Monster, Machine, Human, Brother

This Monstrous Thing, by Mackenzi Lee, (Katherine Tegen Books, HarperCollins), 384 pages, release date 22 September, 2015

This Monstrous Thing is a steampunk retelling of the creation of Mary Shelley’s Frankenstein. Set in the eighteen-teens, it depicts a Europe in which prosthetic limbs and organs have been invented, but making and using them is seen as usurping God’s role as creator. The public consensus is that anyone making or making use of these artificial body parts is no longer human.

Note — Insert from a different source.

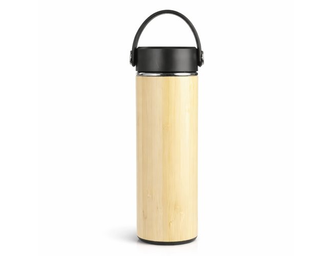 Garrafa térmica com capacidade máxima de 400ml. Possui estrutura de parede dupla com revestimento externo em bambu e parte interna em inox 304. Conta com tampa rosqueável em polipropileno (PP) com alça para transporte. Acompanha cesto infusor com alça em inox 304.

Alasdair Finch is one of the “Shadow Boys”: the engineers building and maintaining these prosthetics. He is, in fact, something of a prodigy and has secretly brought his brother Oliver back to life after Oliver’s death falling from Geneva’s great clocktower. Alasdair’s partner in this work is none other than Mary Shelley, who lives with the already married Percy Bysshe Shelley and his friend Lord Byron in a Geneva mansion.

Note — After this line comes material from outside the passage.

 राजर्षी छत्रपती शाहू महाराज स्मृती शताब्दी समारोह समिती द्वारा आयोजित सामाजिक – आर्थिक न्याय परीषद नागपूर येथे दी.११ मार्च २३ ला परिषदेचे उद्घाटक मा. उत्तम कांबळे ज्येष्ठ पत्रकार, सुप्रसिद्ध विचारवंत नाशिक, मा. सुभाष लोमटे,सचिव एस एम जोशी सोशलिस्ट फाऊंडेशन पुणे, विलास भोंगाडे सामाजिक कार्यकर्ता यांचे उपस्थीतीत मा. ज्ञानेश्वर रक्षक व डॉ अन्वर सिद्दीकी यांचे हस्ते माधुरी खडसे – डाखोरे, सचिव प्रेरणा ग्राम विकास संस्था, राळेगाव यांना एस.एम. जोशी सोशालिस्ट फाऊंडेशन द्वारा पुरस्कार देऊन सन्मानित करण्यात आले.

Like the book that inspired it, This Monstrous Thing confronts readers with the question of what it means to be human—and also with questions of social stratification, prejudice, opportunity, learning, and violence. In some ways these questions resonate particularly well in this setting, since modern-day readers are accustomed to prosthetics. What the book’s society finds abnormal and threatening is commonplace for us.

Like Shelley, Lee has a knack for creating complex characters, neither wholly good nor wholly bad. Their actions are driven by ambition and fear, as well as by love. Alasdair’s reanimating of his brother may be a great humanitarian undertaking or a hideously selfish project. Mary Shelley uses the brothers as a way of recapturing her pre-Shelley youthful boldness and isn’t completely honest with them about her own identity and actions. The reanimated Oliver is beastly, with little of his human self remaining; he may present a treat to the lives and safety of others as long as he lives.

Ostensibly, This Monstrous Thing is a young adult novel, aimed at middle and high school readers, but its richness and prose style make it rewarding reading for adults as well—particularly adult familiar with Shelley’s Frankenstein.